Exercise aim:
Could you print the listing again exactly, omitting the pictures?

Exercise data:
__________

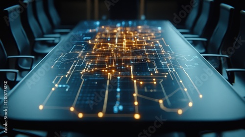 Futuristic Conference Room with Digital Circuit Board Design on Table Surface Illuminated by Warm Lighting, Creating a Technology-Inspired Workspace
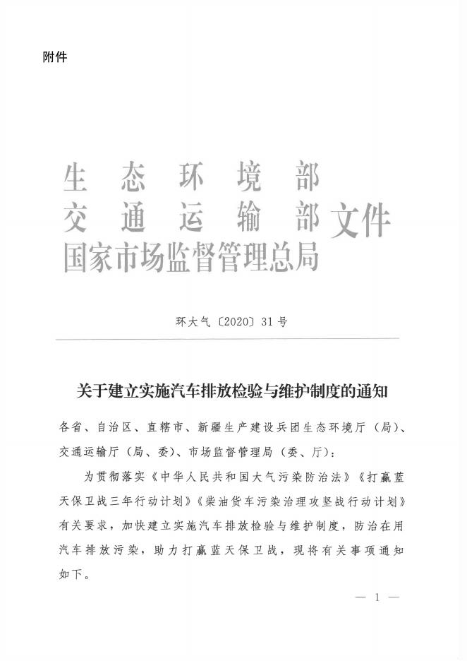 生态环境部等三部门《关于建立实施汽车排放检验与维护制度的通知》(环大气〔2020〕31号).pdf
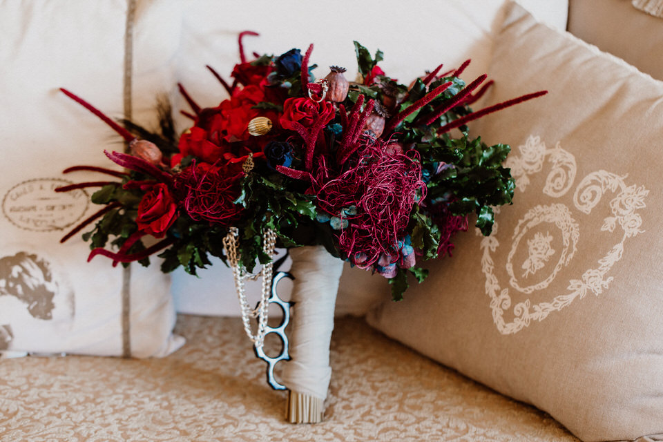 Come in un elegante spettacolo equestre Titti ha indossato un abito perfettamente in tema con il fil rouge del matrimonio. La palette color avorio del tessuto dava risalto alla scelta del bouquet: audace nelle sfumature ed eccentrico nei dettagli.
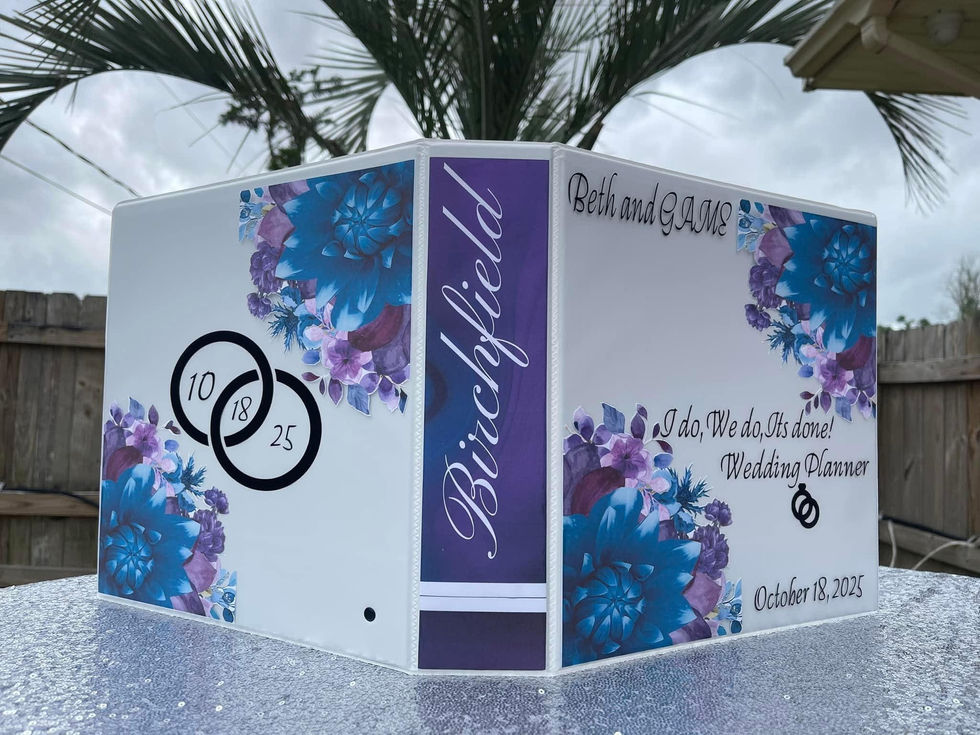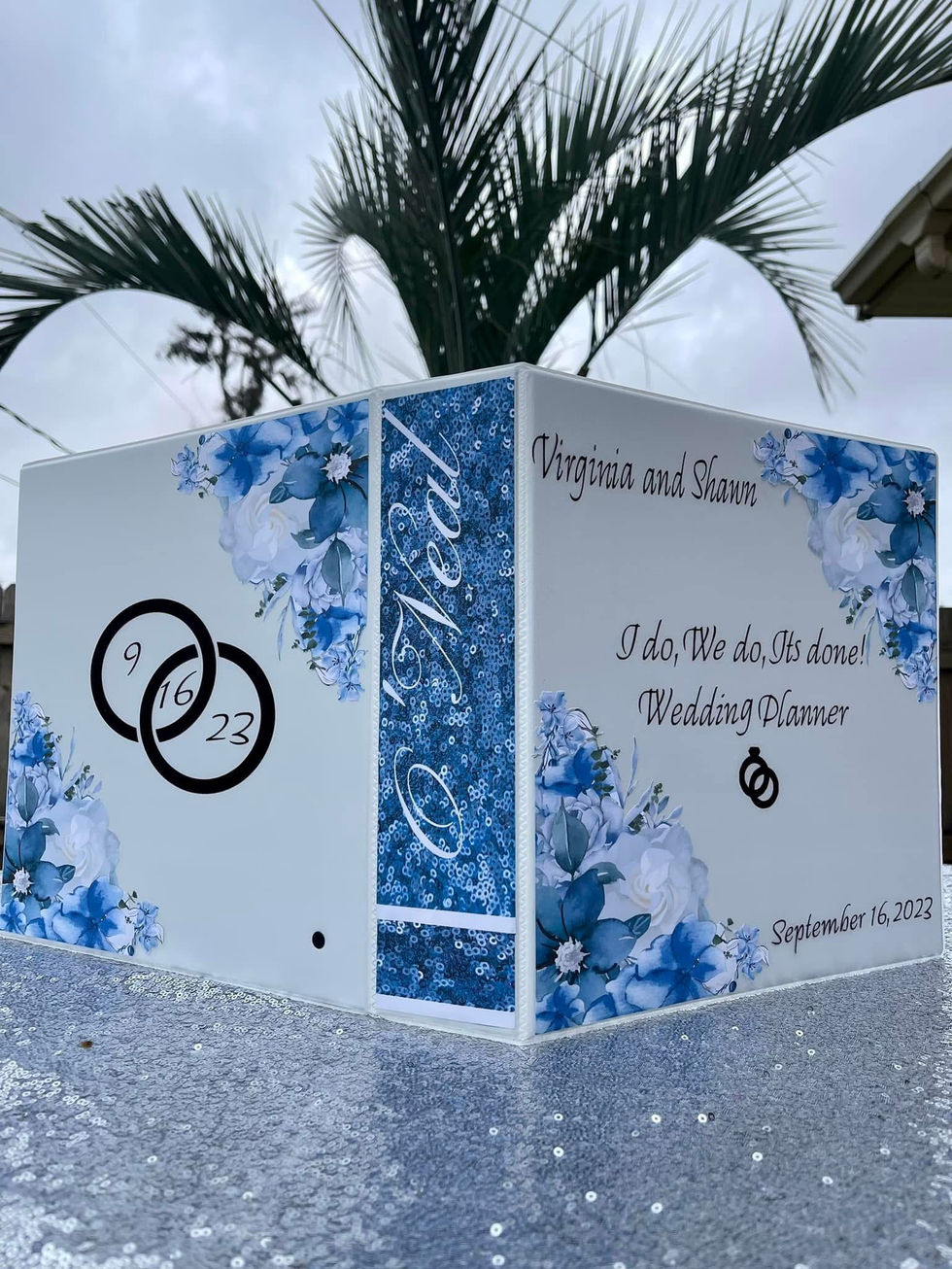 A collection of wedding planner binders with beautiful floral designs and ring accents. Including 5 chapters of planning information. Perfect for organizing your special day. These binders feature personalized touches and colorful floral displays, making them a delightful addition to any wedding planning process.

__________

Problem solution:
 Futuristic Conference Room with Digital Circuit Board Design on Table Surface Illuminated by Warm Lighting, Creating a Technology-Inspired Workspace
 生态环境部等三部门《关于建立实施汽车排放检验与维护制度的通知》(环大气〔2020〕31号).pdf
 Come in un elegante spettacolo equestre Titti ha indossato un abito perfettamente in tema con il fil rouge del matrimonio. La palette color avorio del tessuto dava risalto alla scelta del bouquet: audace nelle sfumature ed eccentrico nei dettagli.
 A collection of wedding planner binders with beautiful floral designs and ring accents. Including 5 chapters of planning information. Perfect for organizing your special day. These binders feature personalized touches and colorful floral displays, making them a delightful addition to any wedding planning process.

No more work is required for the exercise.